Task item
Without the pictures, set down exactly the lines from the one that contains "Diana V-Neck Knit" to the end of the entries, both included, and nothing besides.

Records to use
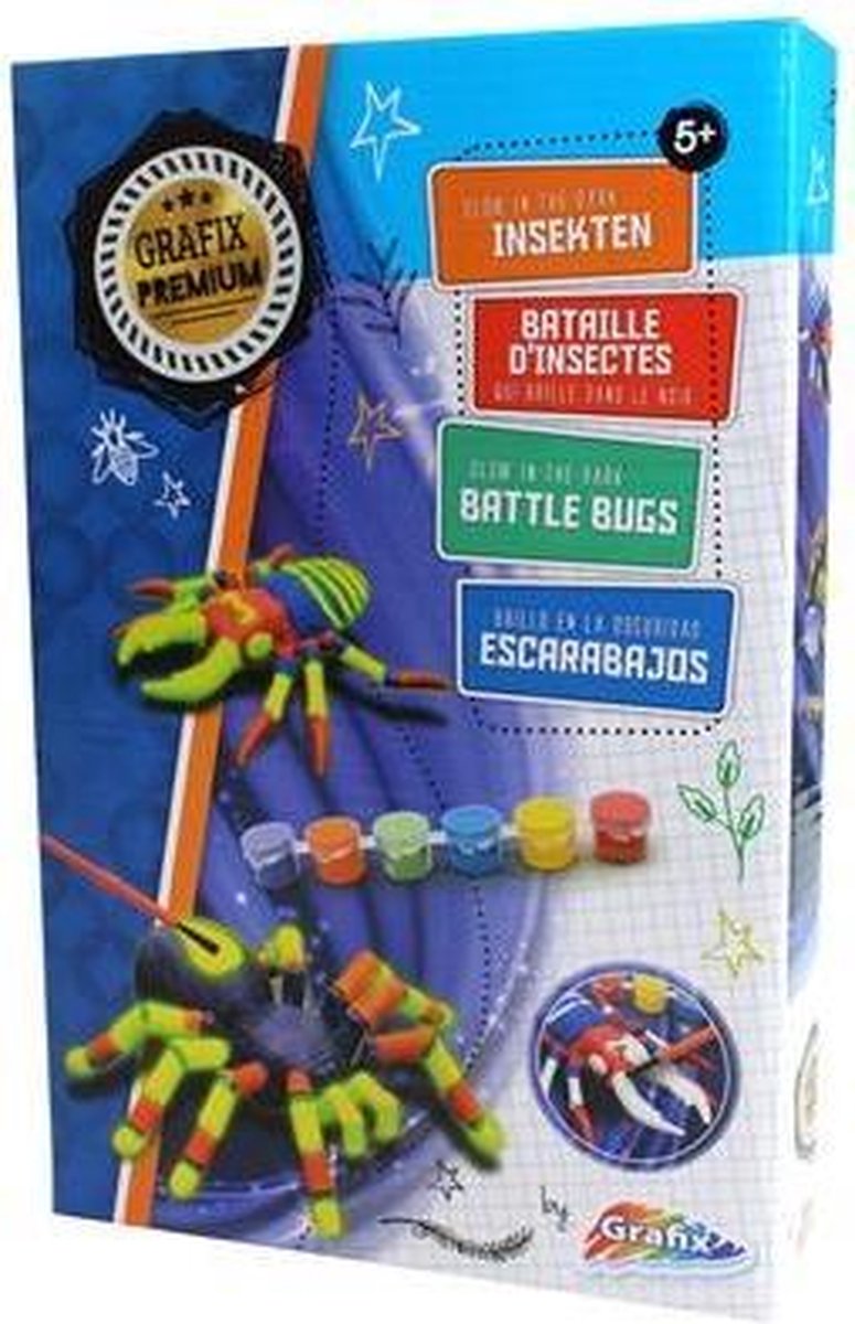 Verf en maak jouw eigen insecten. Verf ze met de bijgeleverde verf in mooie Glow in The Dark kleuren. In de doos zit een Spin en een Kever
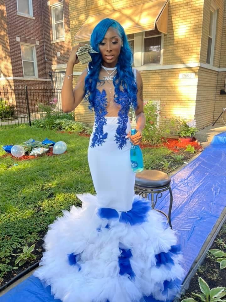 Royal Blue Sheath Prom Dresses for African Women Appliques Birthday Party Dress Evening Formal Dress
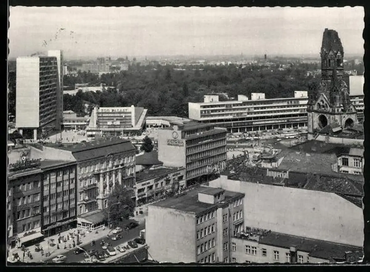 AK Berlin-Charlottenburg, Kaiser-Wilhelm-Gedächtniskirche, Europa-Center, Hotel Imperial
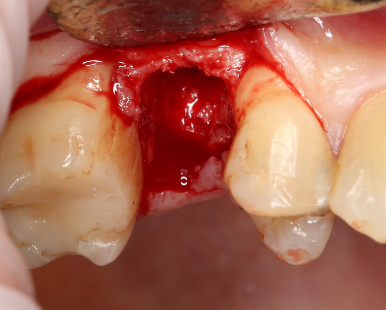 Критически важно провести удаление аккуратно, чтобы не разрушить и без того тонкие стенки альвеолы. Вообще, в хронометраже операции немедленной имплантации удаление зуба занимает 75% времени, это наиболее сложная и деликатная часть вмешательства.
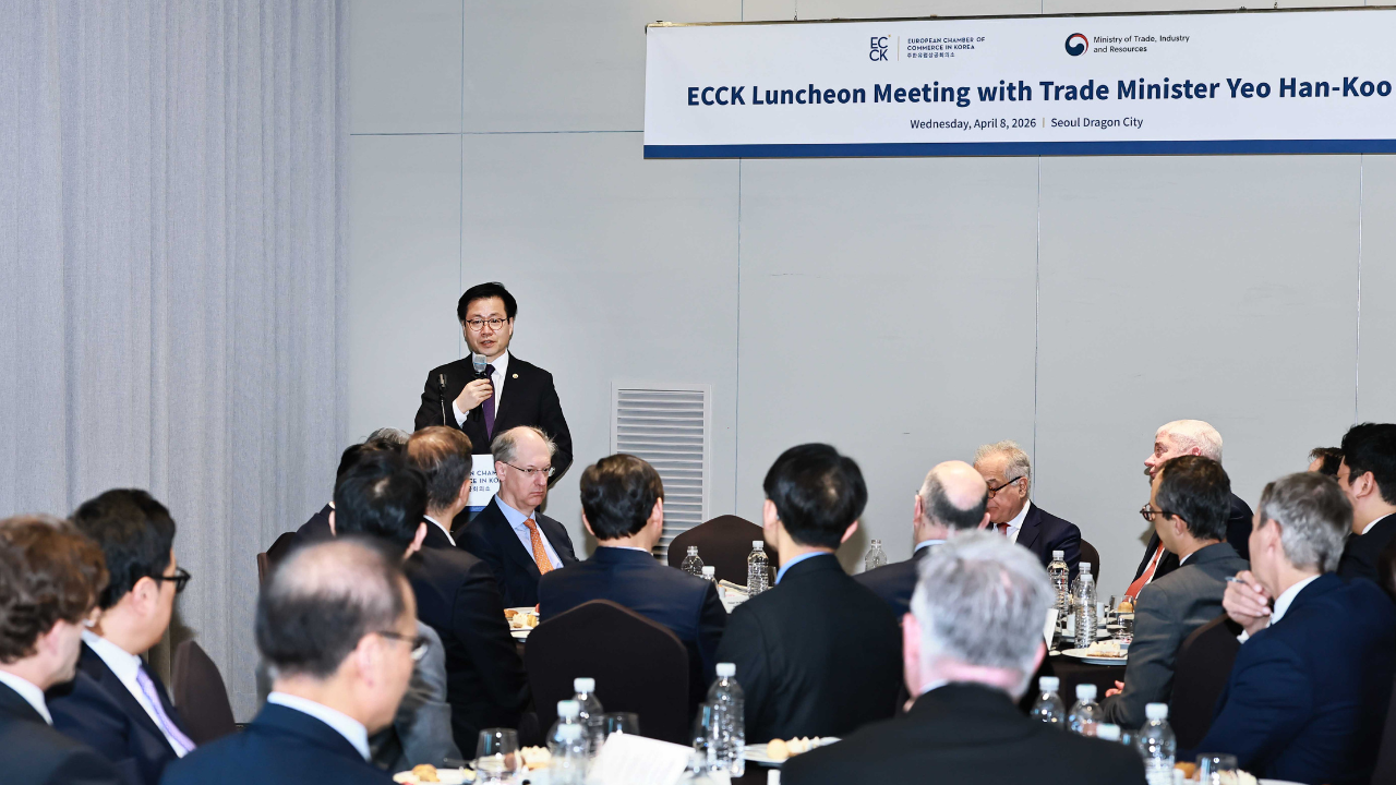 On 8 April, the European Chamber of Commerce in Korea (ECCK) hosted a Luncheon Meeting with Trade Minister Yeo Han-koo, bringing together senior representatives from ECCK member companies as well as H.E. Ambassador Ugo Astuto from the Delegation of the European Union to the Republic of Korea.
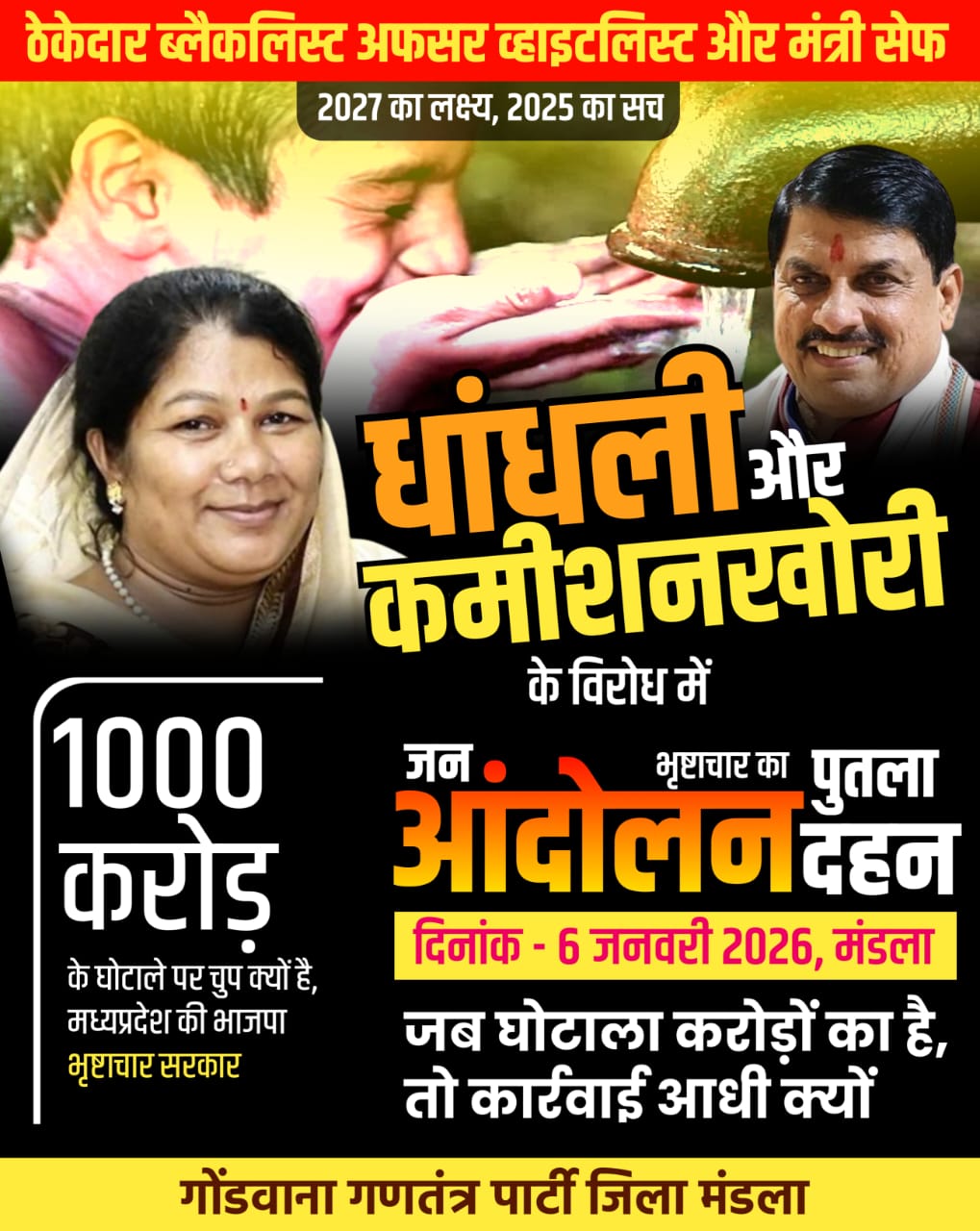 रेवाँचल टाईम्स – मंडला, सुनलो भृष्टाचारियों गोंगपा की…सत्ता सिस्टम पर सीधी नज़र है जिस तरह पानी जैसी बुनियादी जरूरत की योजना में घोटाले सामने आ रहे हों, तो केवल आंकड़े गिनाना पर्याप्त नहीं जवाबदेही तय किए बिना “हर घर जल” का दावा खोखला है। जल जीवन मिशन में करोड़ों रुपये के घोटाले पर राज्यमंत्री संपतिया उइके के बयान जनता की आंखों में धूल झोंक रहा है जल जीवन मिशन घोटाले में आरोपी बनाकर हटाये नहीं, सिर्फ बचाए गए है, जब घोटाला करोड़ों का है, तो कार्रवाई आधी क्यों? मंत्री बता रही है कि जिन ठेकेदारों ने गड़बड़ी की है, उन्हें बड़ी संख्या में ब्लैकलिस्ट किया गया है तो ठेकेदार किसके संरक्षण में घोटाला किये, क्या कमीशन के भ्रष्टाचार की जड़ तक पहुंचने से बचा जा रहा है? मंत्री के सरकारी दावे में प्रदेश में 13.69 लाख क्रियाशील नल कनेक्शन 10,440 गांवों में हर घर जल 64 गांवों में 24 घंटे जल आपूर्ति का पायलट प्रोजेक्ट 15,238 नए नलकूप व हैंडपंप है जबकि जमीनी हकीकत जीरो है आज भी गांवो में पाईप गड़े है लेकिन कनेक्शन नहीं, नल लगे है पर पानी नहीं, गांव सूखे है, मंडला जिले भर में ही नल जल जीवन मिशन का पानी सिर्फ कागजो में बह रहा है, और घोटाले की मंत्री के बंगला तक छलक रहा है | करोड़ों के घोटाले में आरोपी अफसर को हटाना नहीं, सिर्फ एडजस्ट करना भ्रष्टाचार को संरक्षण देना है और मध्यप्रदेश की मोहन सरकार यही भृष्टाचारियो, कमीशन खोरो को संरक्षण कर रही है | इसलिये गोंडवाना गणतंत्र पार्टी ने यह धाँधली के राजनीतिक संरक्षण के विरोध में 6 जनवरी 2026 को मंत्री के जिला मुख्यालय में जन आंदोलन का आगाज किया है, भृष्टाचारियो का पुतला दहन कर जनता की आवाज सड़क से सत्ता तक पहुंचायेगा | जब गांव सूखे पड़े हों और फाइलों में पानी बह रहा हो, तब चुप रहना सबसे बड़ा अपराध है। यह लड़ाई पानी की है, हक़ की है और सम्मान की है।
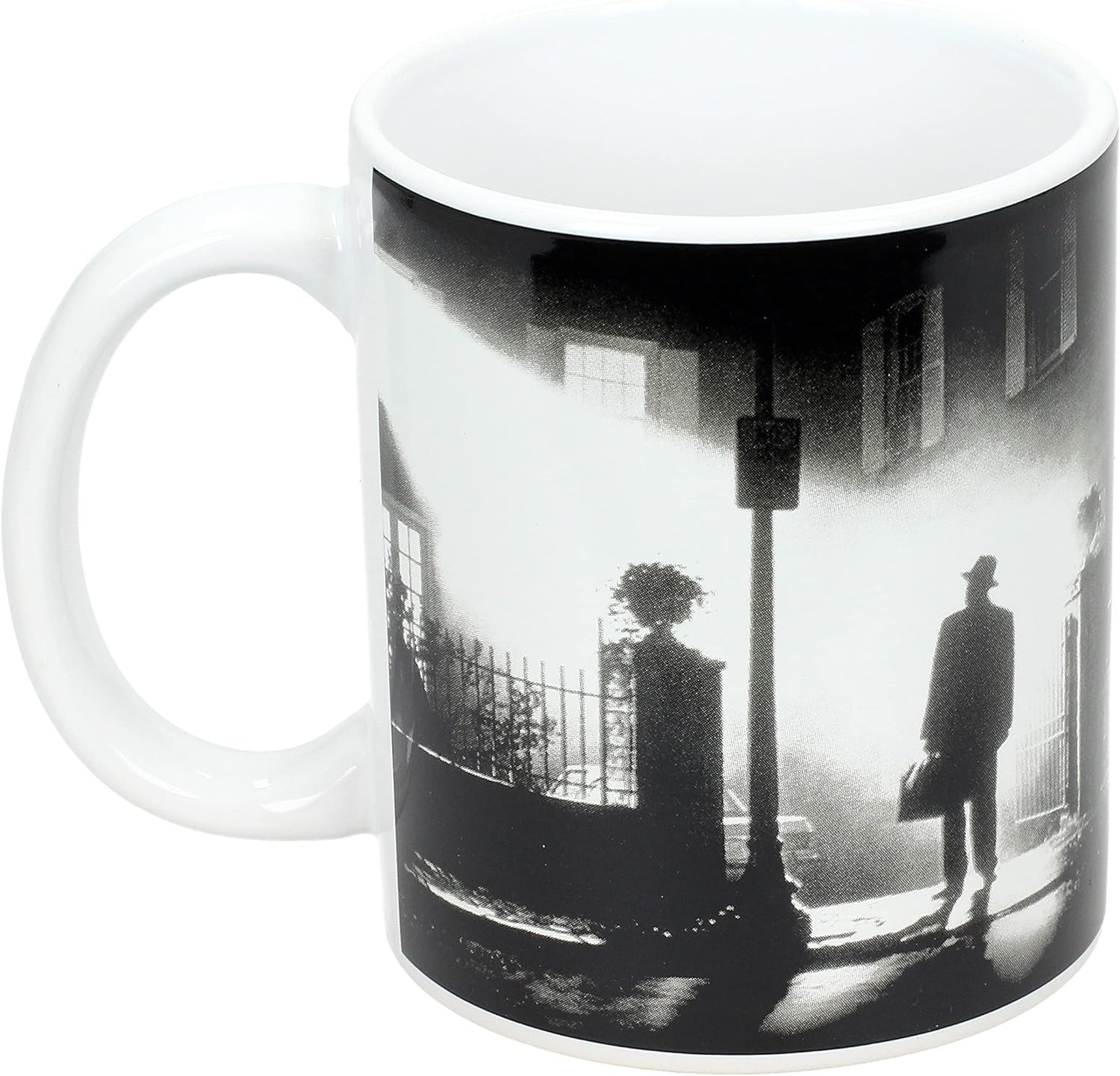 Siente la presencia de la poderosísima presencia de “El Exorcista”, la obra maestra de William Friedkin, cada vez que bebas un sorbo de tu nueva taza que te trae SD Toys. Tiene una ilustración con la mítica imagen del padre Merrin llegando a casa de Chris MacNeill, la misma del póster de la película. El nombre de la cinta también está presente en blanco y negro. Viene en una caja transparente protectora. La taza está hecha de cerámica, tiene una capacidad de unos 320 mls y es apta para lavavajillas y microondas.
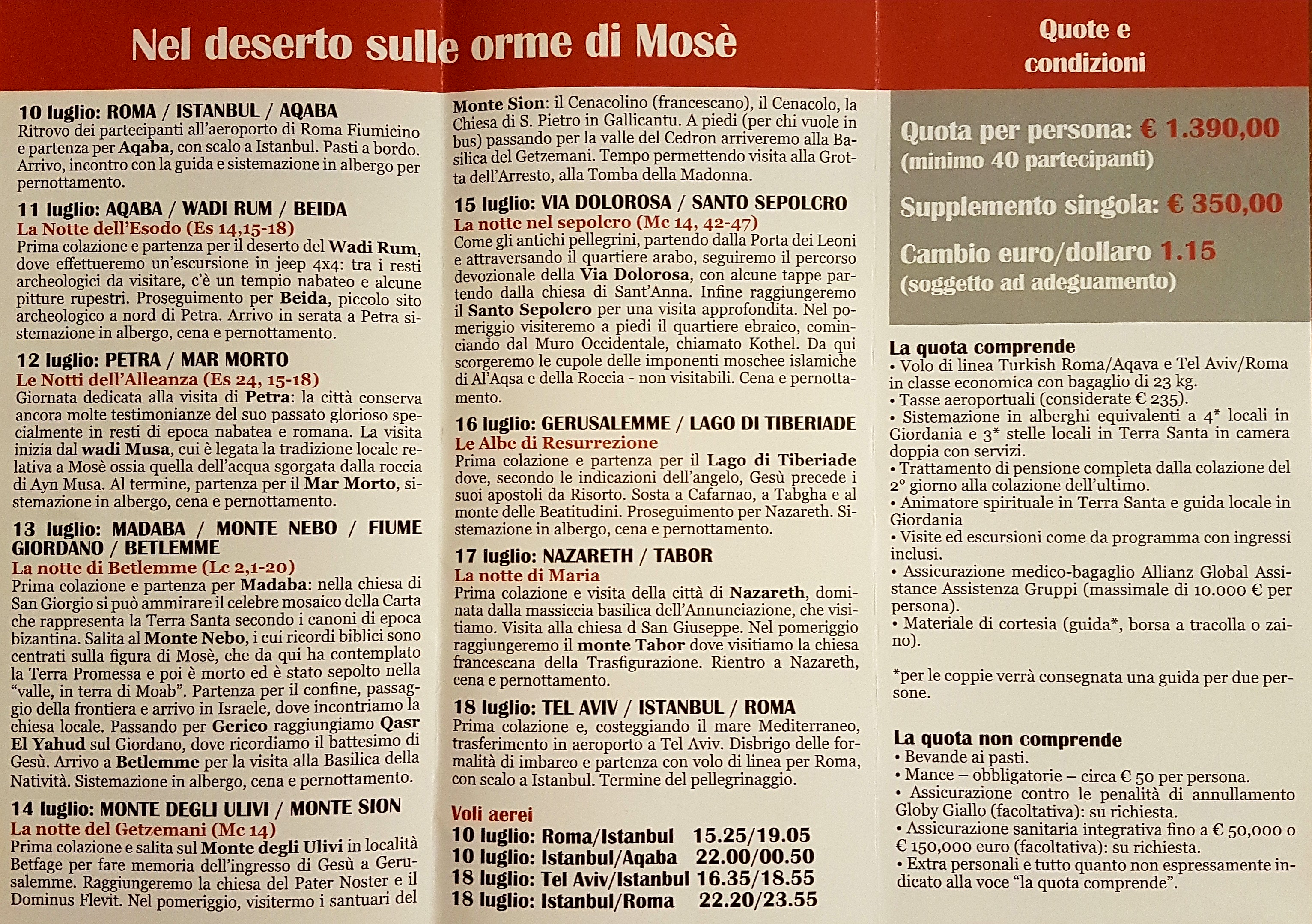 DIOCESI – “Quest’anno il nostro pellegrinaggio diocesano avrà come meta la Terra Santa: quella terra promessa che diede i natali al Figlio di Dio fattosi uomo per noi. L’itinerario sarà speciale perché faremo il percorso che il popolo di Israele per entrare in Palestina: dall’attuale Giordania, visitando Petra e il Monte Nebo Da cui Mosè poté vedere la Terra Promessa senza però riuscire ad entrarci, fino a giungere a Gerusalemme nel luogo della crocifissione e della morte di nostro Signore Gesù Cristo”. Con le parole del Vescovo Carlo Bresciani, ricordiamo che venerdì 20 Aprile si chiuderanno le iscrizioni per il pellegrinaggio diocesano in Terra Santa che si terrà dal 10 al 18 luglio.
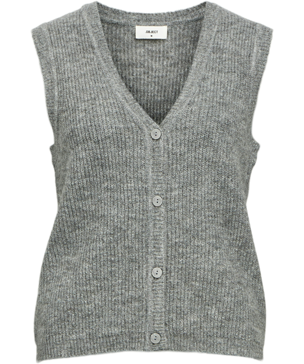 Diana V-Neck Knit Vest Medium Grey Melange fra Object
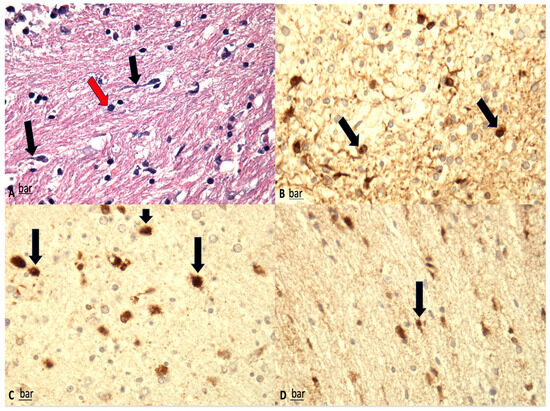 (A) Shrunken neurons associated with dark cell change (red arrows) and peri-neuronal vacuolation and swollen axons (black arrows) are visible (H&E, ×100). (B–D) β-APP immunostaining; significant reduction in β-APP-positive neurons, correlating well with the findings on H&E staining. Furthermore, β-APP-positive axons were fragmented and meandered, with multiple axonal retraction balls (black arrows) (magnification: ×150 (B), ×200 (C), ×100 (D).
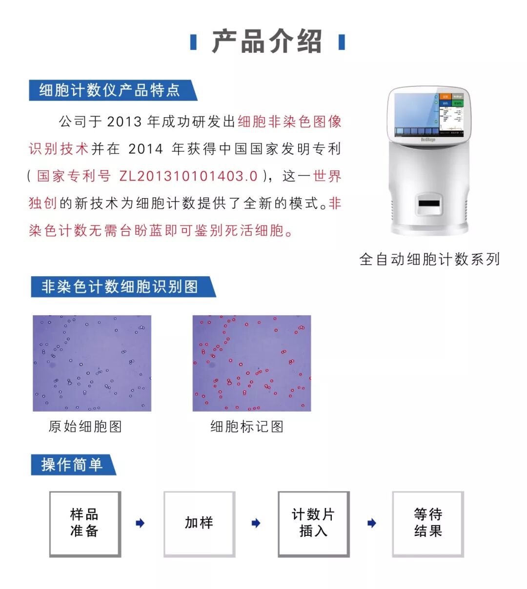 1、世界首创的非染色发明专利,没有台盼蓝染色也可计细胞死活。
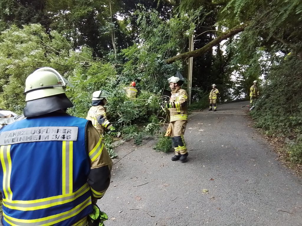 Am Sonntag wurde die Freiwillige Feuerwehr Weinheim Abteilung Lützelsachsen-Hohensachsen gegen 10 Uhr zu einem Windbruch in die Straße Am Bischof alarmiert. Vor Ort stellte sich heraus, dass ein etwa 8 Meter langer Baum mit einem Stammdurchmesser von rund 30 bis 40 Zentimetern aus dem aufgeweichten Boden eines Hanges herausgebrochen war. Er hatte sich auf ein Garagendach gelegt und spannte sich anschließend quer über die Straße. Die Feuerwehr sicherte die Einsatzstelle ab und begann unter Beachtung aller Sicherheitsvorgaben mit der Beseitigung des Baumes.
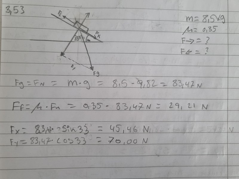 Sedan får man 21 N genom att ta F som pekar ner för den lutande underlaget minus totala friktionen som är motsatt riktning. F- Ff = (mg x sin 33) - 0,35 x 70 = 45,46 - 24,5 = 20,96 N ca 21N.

Response for this exercise
 Diana V-Neck Knit Vest Medium Grey Melange fra Object
 (A) Shrunken neurons associated with dark cell change (red arrows) and peri-neuronal vacuolation and swollen axons (black arrows) are visible (H&E, ×100). (B–D) β-APP immunostaining; significant reduction in β-APP-positive neurons, correlating well with the findings on H&E staining. Furthermore, β-APP-positive axons were fragmented and meandered, with multiple axonal retraction balls (black arrows) (magnification: ×150 (B), ×200 (C), ×100 (D).
 1、世界首创的非染色发明专利,没有台盼蓝染色也可计细胞死活。
 Am Sonntag wurde die Freiwillige Feuerwehr Weinheim Abteilung Lützelsachsen-Hohensachsen gegen 10 Uhr zu einem Windbruch in die Straße Am Bischof alarmiert. Vor Ort stellte sich heraus, dass ein etwa 8 Meter langer Baum mit einem Stammdurchmesser von rund 30 bis 40 Zentimetern aus dem aufgeweichten Boden eines Hanges herausgebrochen war. Er hatte sich auf ein Garagendach gelegt und spannte sich anschließend quer über die Straße. Die Feuerwehr sicherte die Einsatzstelle ab und begann unter Beachtung aller Sicherheitsvorgaben mit der Beseitigung des Baumes.
 Sedan får man 21 N genom att ta F som pekar ner för den lutande underlaget minus totala friktionen som är motsatt riktning. F- Ff = (mg x sin 33) - 0,35 x 70 = 45,46 - 24,5 = 20,96 N ca 21N.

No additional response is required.